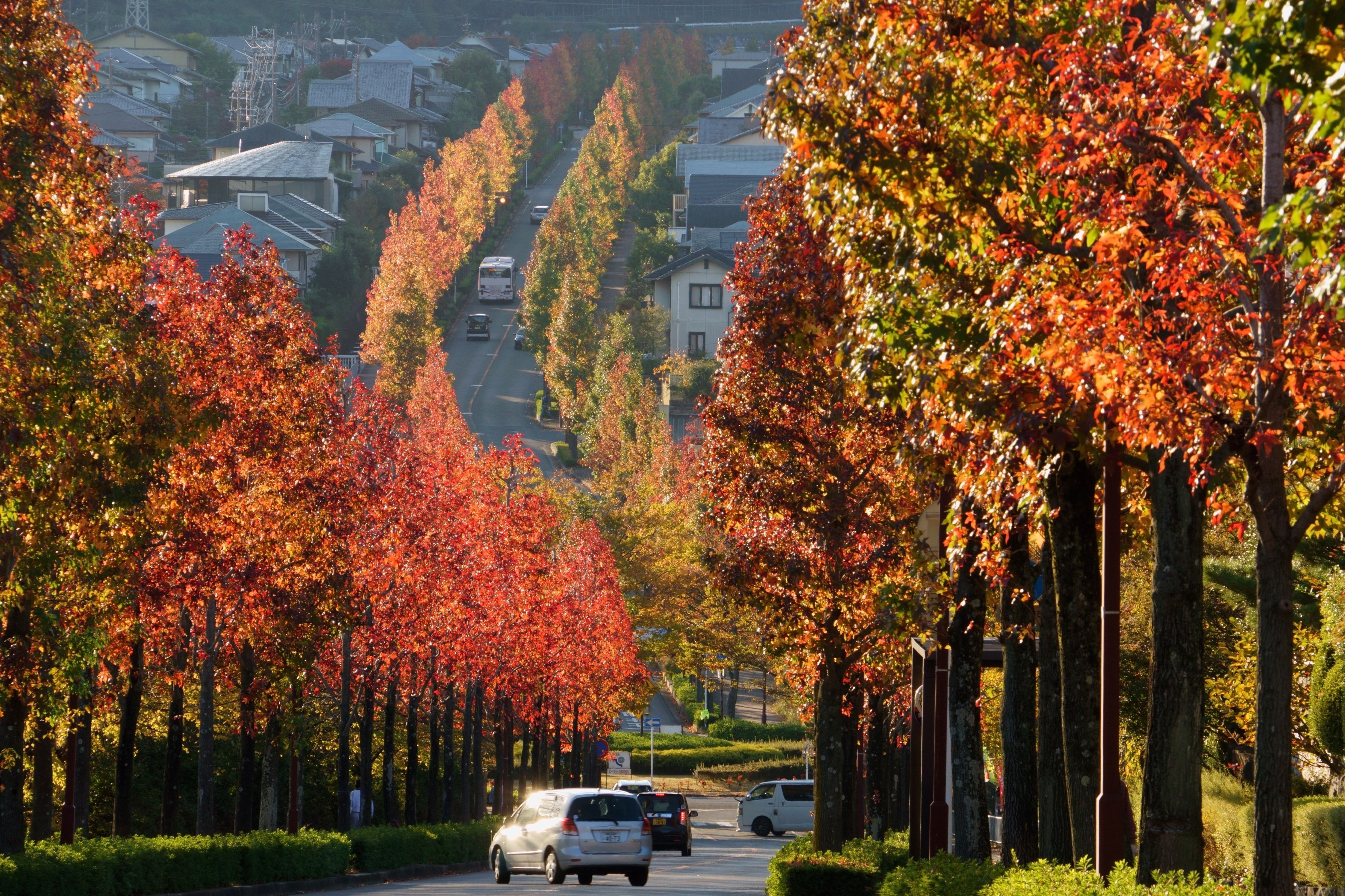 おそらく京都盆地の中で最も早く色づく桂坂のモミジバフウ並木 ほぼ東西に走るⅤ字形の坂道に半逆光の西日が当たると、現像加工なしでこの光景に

* * *

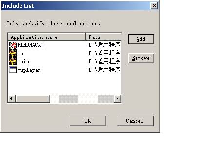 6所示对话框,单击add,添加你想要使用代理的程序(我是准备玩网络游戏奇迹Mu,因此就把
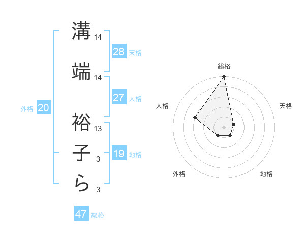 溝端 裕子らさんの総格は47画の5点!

§ **Exercise objective**
Exact copy, pictures excluded: from the line with "6所示对话框,单击add,添" up to and including the line with "溝端 裕子らさんの総格は47画の5点!" in the data above.

§ **Answer to this task**
 6所示对话框,单击add,添加你想要使用代理的程序(我是准备玩网络游戏奇迹Mu,因此就把
 溝端 裕子らさんの総格は47画の5点!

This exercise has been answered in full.